Distancing ourselves

From our fears

Character unknown

In such proximity.

 

Perhaps we will

Interrogate ourselves

Willfulness or honest conviction?

Which draws me

To the bedside

Of another’s pain?

 

Attend: Dare I exploit

Frail posture of another

For power

Or gain?

Maybe this year

We will not crucify him.

jfig   3/20

 

Dear Reading Friends, I thought I would not write a poem today.
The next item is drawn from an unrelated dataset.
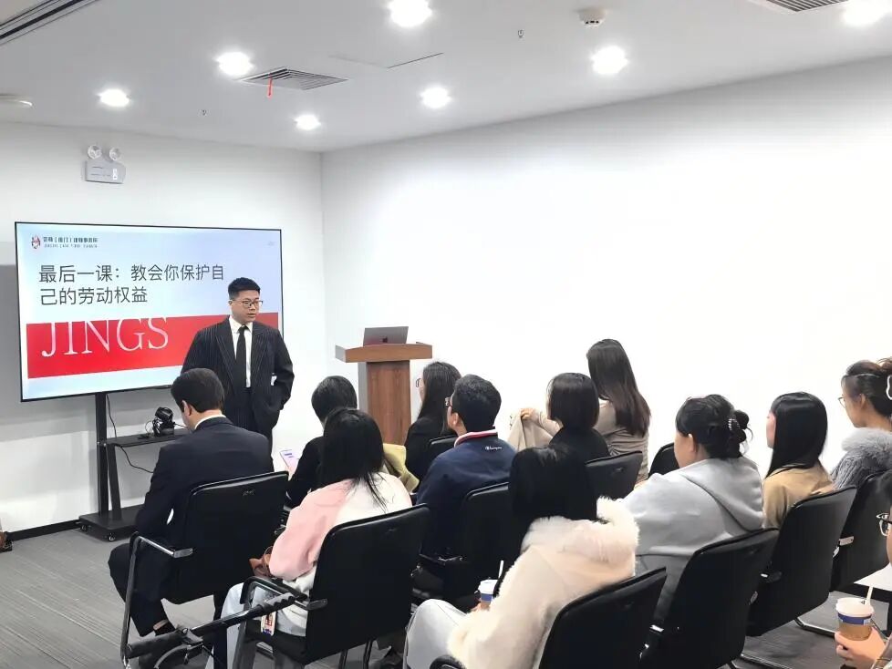 律所工作人员详细介绍了核心律师团队构成,系统阐释了团队深耕的专业领域,涵盖刑事辩护、商事服务(合同审查、纠纷调解)、民事案件(婚姻家庭、劳动争议)等多个板块;同时全面解读了京师律所的全国化与国际化战略布局——总部立足北京,海内外分支机构星罗棋布,厦门分所凭借卓越服务积淀下良好行业口碑。工作人员还分享了律所稳健运营模式与良好盈利态势,助力学生全方位洞悉现代化法律机构的运作逻辑与发展脉络。

Instead, I found myself writing two – one for tomorrow – and being invited to reflect on these words from Jesus. I share them with the humility of needing them as much as anyone.  jfig

” This cup is the new covenant in my blood, which is poured out for you.”    Luke 22:10

“Why are you sleeping,” he asked them. “Get up and pray so that you will not fall into temptation.”    Luke 22:46

“Judas, are you betraying the Son of Man with a kiss?”    Luke 22:48

The Lord turned and looked straight at Peter. Then Peter remembered the word the Lord had spoken to him: “Before the rooster crows today, you will disown me three times.”     Luke 22:61

They asked then, “Are you the Son of God?”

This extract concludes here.